Special Education Programs
According to the June 7-Summer 2020 Special Education Services memo, in order to provide in-person instruction over the summer, the following steps must be taken:
- Identify high-priority students most at need for in-person summer services and communicate with families.
- Identify, hire, and onboard appropriate staff.
- Identify and purchase necessary protective equipment.
- Modify any existing health and safety plans and/or school protocols as needed due to COVID-19.
- Develop a training plan that includes identification of the staff needing to be trained, procurement of resources and trainers, and a system to confirm all necessary training is completed prior to in-person instruction.
It is essential that staff training be provided before in-person instruction to students with disabilities can be conducted, the June 7 memo states. In addition, it is equally important to educate and train students on health and safety considerations, as well as newly adopted routines and protocols.
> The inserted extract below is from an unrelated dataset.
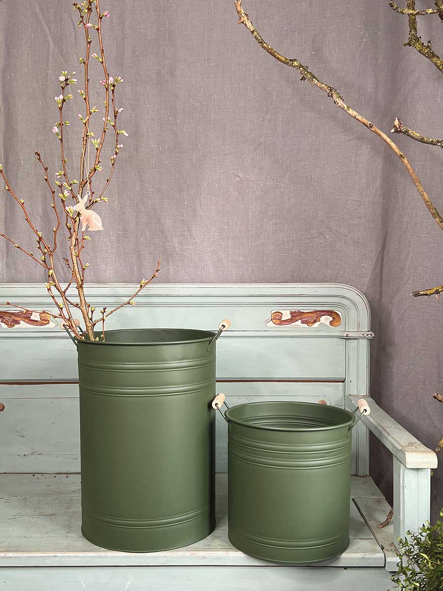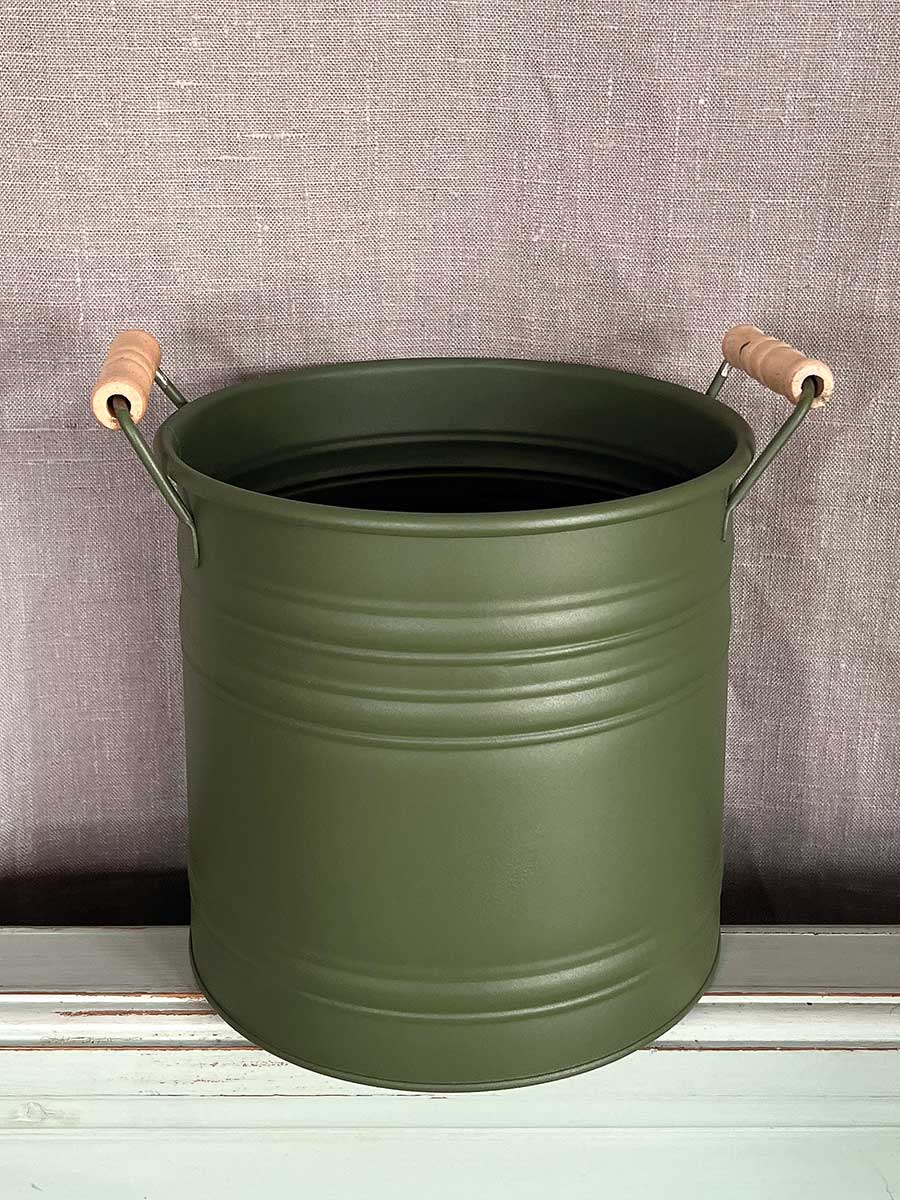 Metalleimer Zenon grün mit Holzgriffen L H22

Supplies for a clean school
The June 5 memo shows districts the amount of PPE needed based on the number of students in the school. These quantities are per 100 individuals over a 12-week period. For example, 1,200 face masks will be needed for every 100 students, to be given out at a rate of one mask per student per week. This is to supplement the masks that students bring with them.
The federal Elementary and Secondary School Education Relief Fund (ESSER) provides districts with immediate access to grants to fund the cost of supplies. Money is also available through the CARES Act—approximately $2.5 million to North Attleborough—to cover COVID-related expenses. However this is a reimbursement, and so towns will need to spend first and then apply for the federal funding. In addition, the school is working to bridge a $1.2 million budget shortfall caused when state aid and local receipts were impacted by the pandemic.
“We’ll be able to get through it, but people need to realize the school department is looking for $1.2 million on top of increased COVID expenses,” said Holcomb.
Holcomb said that he is working with area superintendents in order to buy supplies in bulk to keep costs down. In the early days of the pandemic, the district bought a number of cleaning supplies when it was thought schools would re-open before summer.
“We knew this was coming,” he said.
For the fall, Holcomb said that a number of different models have been proposed, including one with the same guidelines as for summer programs. He said that if new cases of the virus and hospitalizations trend downward, some restrictions may be relaxed.
If the regulations remained the same in the fall, Holcomb said students wouldn’t be in class more than three or four hours a day. There could potentially a morning session and afternoon with cleaning of the buildings in between. One group of students could be in school in one week and distancing learning the next.
“We’re waiting with baited breath for DESE,” he said.